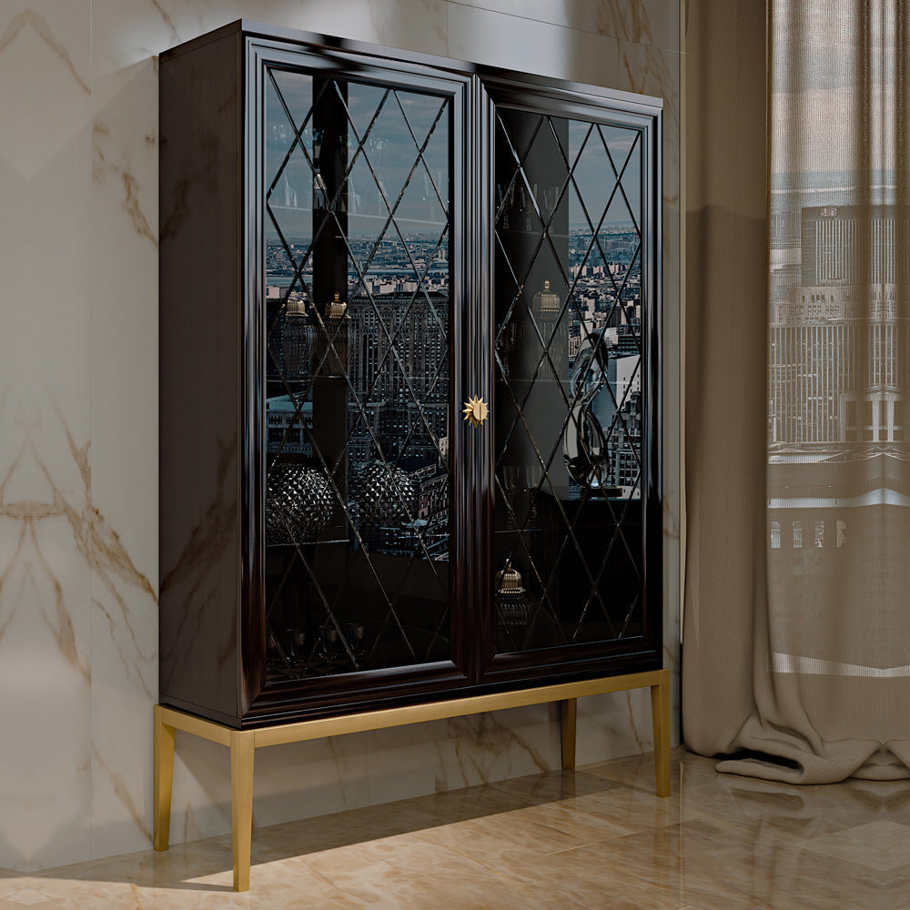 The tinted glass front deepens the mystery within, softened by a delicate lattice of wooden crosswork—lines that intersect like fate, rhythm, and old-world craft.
════════
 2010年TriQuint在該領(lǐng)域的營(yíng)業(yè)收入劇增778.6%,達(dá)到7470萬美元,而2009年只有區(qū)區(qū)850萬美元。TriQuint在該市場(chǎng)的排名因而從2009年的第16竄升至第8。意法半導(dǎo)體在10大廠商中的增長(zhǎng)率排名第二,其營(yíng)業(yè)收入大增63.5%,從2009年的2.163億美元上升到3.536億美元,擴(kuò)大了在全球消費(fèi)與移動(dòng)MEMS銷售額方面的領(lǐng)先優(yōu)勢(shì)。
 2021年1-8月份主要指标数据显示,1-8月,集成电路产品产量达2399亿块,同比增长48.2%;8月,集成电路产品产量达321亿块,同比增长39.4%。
════════
Work order: Send back exactly the lines of the listing above starting at the one with "2010年TriQuint在" and ending at the one with "2021年1-8月份主要指标", inclusive, and no others.

Response to this task:
 2010年TriQuint在該領(lǐng)域的營(yíng)業(yè)收入劇增778.6%,達(dá)到7470萬美元,而2009年只有區(qū)區(qū)850萬美元。TriQuint在該市場(chǎng)的排名因而從2009年的第16竄升至第8。意法半導(dǎo)體在10大廠商中的增長(zhǎng)率排名第二,其營(yíng)業(yè)收入大增63.5%,從2009年的2.163億美元上升到3.536億美元,擴(kuò)大了在全球消費(fèi)與移動(dòng)MEMS銷售額方面的領(lǐng)先優(yōu)勢(shì)。
 2021年1-8月份主要指标数据显示,1-8月,集成电路产品产量达2399亿块,同比增长48.2%;8月,集成电路产品产量达321亿块,同比增长39.4%。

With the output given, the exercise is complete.